> [TASK INSTRUCTIONS] Once you reach the line that holds "On the Option" in the listing below, output it and every line after it through the line that holds "Vor dem Rad", word for word.

---+---

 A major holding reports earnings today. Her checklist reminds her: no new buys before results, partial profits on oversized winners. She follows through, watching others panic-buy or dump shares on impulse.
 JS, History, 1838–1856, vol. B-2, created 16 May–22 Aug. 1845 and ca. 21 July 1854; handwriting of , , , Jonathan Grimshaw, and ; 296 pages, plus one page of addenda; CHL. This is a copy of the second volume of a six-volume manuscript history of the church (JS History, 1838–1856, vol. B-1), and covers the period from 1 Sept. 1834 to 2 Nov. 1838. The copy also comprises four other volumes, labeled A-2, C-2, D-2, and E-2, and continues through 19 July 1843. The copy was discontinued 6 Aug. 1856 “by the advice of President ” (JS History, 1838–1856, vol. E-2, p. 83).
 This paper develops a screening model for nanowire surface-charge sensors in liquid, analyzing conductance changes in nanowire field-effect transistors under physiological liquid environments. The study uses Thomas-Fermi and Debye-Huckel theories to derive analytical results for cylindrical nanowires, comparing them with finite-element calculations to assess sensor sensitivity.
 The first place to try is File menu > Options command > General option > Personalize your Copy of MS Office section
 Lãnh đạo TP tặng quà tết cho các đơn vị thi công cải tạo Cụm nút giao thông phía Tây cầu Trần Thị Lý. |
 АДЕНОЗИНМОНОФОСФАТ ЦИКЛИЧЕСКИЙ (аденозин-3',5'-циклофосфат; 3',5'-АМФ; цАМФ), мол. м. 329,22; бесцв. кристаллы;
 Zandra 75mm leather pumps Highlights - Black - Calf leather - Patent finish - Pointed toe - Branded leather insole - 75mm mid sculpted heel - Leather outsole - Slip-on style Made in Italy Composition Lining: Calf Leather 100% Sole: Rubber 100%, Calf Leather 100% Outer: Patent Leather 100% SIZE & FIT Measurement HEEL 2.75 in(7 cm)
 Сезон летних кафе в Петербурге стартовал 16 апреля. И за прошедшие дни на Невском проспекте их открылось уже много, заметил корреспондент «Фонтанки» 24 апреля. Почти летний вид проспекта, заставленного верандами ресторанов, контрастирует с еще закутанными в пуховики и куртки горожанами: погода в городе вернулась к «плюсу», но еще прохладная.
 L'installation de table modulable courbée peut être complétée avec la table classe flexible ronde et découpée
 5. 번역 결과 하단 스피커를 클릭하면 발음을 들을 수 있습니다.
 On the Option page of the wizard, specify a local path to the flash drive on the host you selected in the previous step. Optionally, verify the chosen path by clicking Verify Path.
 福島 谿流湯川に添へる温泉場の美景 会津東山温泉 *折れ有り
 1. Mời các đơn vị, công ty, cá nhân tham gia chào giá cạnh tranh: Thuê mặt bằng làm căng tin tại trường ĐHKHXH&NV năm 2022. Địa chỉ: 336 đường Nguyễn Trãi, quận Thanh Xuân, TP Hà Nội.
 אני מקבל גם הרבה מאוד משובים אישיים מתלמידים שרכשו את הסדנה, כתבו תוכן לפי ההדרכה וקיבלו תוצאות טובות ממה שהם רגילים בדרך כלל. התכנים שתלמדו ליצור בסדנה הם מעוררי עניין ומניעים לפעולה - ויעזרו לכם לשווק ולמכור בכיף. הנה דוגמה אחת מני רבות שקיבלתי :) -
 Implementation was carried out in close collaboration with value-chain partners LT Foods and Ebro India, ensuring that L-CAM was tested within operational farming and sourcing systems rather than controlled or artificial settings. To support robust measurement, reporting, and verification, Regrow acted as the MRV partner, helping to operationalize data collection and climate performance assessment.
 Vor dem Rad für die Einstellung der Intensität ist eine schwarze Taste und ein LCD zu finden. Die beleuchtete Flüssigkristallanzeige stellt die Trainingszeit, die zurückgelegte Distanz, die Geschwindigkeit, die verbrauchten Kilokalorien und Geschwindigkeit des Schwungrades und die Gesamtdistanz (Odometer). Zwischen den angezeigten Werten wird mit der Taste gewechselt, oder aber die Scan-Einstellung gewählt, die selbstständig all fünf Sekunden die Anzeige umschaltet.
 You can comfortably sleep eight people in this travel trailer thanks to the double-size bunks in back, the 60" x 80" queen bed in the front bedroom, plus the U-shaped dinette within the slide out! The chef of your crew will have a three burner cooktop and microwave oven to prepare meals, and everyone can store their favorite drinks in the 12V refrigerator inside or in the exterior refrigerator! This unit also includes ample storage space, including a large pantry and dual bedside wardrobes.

---+---

> [REPLY TO THE TASK]
 On the Option page of the wizard, specify a local path to the flash drive on the host you selected in the previous step. Optionally, verify the chosen path by clicking Verify Path.
 福島 谿流湯川に添へる温泉場の美景 会津東山温泉 *折れ有り
 1. Mời các đơn vị, công ty, cá nhân tham gia chào giá cạnh tranh: Thuê mặt bằng làm căng tin tại trường ĐHKHXH&NV năm 2022. Địa chỉ: 336 đường Nguyễn Trãi, quận Thanh Xuân, TP Hà Nội.
 אני מקבל גם הרבה מאוד משובים אישיים מתלמידים שרכשו את הסדנה, כתבו תוכן לפי ההדרכה וקיבלו תוצאות טובות ממה שהם רגילים בדרך כלל. התכנים שתלמדו ליצור בסדנה הם מעוררי עניין ומניעים לפעולה - ויעזרו לכם לשווק ולמכור בכיף. הנה דוגמה אחת מני רבות שקיבלתי :) -
 Implementation was carried out in close collaboration with value-chain partners LT Foods and Ebro India, ensuring that L-CAM was tested within operational farming and sourcing systems rather than controlled or artificial settings. To support robust measurement, reporting, and verification, Regrow acted as the MRV partner, helping to operationalize data collection and climate performance assessment.
 Vor dem Rad für die Einstellung der Intensität ist eine schwarze Taste und ein LCD zu finden. Die beleuchtete Flüssigkristallanzeige stellt die Trainingszeit, die zurückgelegte Distanz, die Geschwindigkeit, die verbrauchten Kilokalorien und Geschwindigkeit des Schwungrades und die Gesamtdistanz (Odometer). Zwischen den angezeigten Werten wird mit der Taste gewechselt, oder aber die Scan-Einstellung gewählt, die selbstständig all fünf Sekunden die Anzeige umschaltet.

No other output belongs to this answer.